Il fotografo sarà protagonista dell’incontro del corso di formazione Cives “Zona franca”, promosso dall’Università Cattolica di Piacenza e dalla Diocesi di Piacenza-Bobbio, in programma domani venerdì 19 gennaio, alle 20.30, durante il quale interverrà sul tema “Oltre la guerra ci sono tante storie da raccontare”.

Tugnoli ha attraversato diversi teatri di guerra, soffermandosi spesso, più che sui combattimenti, sui momenti precedenti lo scoppio dei conflitti, sulle loro cause e sulle loro conseguenze. Perché «davanti allo strazio della guerra, non esistono storie minori».

Lavorare in contesti di guerra significa lavorare “davanti al dolore degli altri”, questione posta dalla filosofa Susan Sontag, che si interroga sulle potenzialità e i limiti delle immagini quando esse rappresentano l’orrore e la violenza. Lei che risposta si è dato?

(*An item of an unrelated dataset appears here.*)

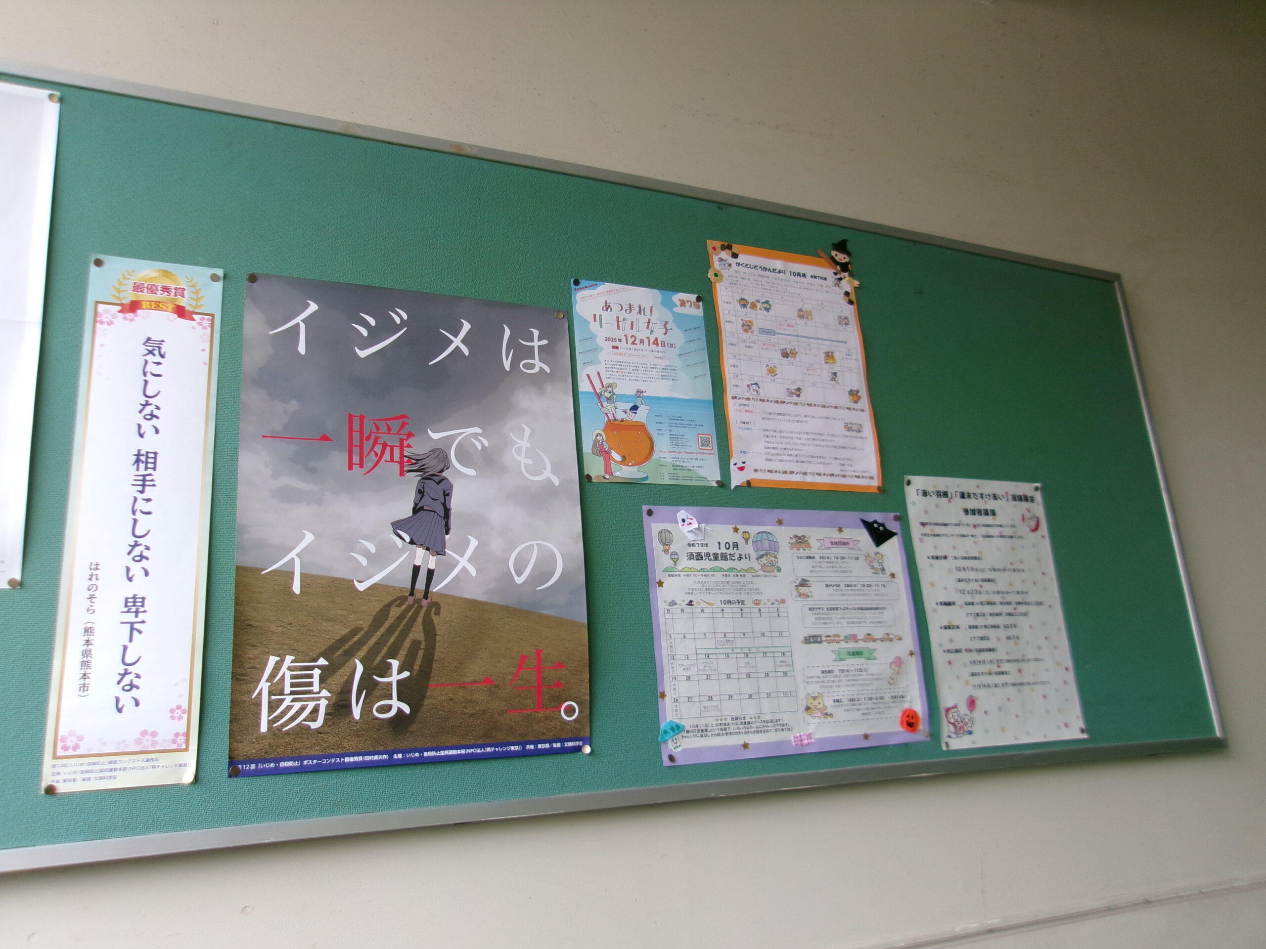 学校ブログ 校内には掲示物がいっぱい 2025.10.24 by kaniekita002 2025年10月24日(金) 校内の廊下には、多くの物を掲示しています。 3年生教室前掲示板には進路関係の掲示物。階段の踊り場掲示場には、人権啓発ポスターや地域行事の案内。 職員室前掲示板には、健康意識向上に関する掲示物や校内の1年間の歩み。 内容が変わったり、追加掲示があったりすると、生徒たちは立ち止まって見ています。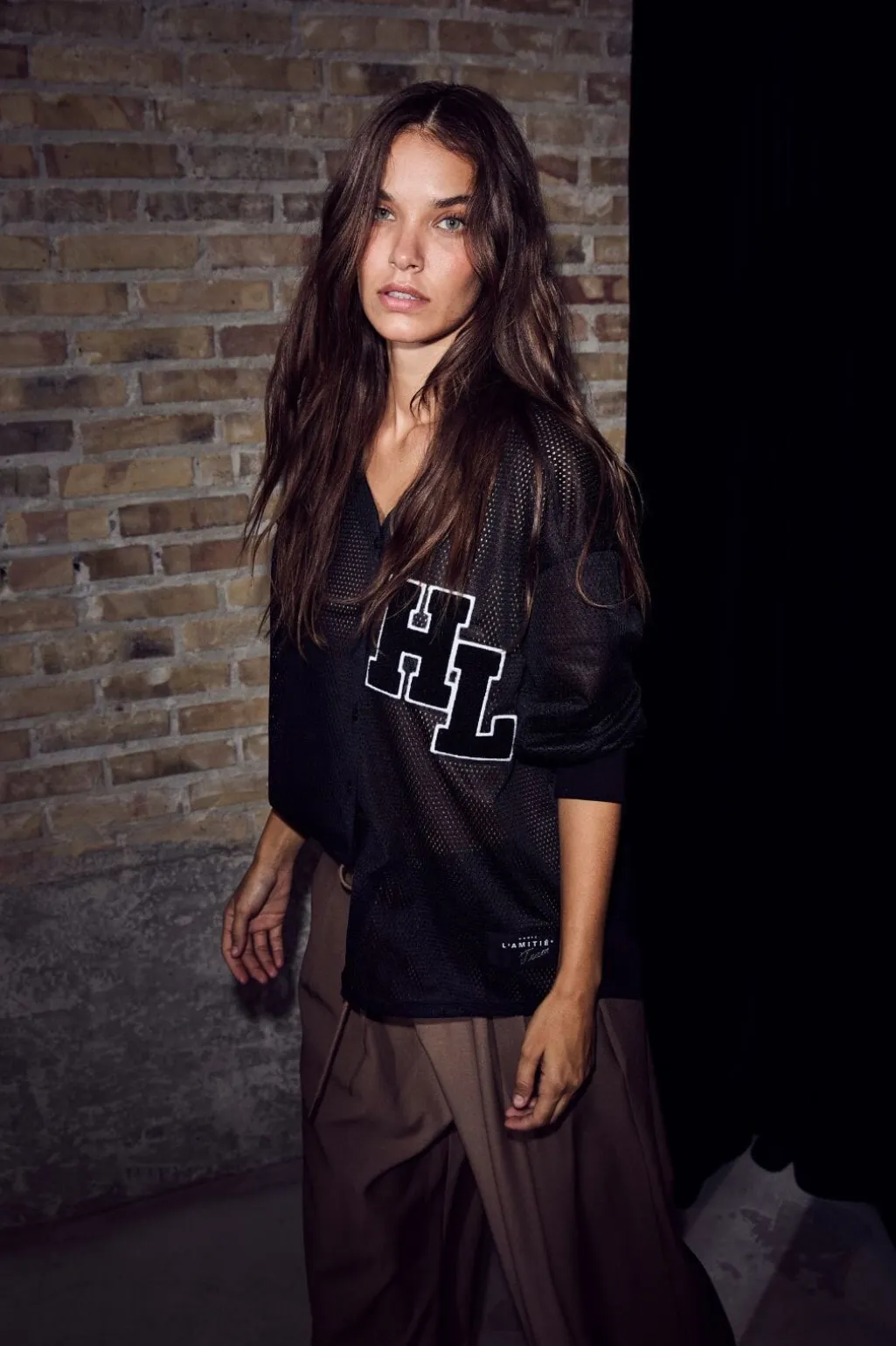 Sort bluse fra Haute L’Amitié med gennemsigtig netstruktur og stort HL-logo på brystet. Blusen har knaplukning foran og lange ærmer.

«Faccio il fotografo di guerra dal 2010 e ho maturato la convinzione che davanti a situazioni difficili, di dolore e disperazione, ci sono due cose da fare: lavorare con grande professionalità e con profonda umanità. Dev’essere molto chiaro a noi e a chi ci sta davanti che siamo giornalisti e che siamo lì per testimoniare quanto accade, dobbiamo essere noi a spiegare il nostro ruolo. A questo deve unirsi l’umanità, che ci impone uno sguardo rispettoso, capace di pudore nei confronti dell’altro. Parlando del reportage nello Yemen, ad esempio, dove c’erano molti bambini che soffrivano e immagini che in qualche modo dovevano essere fatte, il mio sforzo è stato quello di rappresentarli come se fossero persone di famiglia, a cui voglio bene. La domanda da porsi è sempre: se ci fossi io in quella situazione, sarei contento di essere rappresentato sui giornali in quel modo?».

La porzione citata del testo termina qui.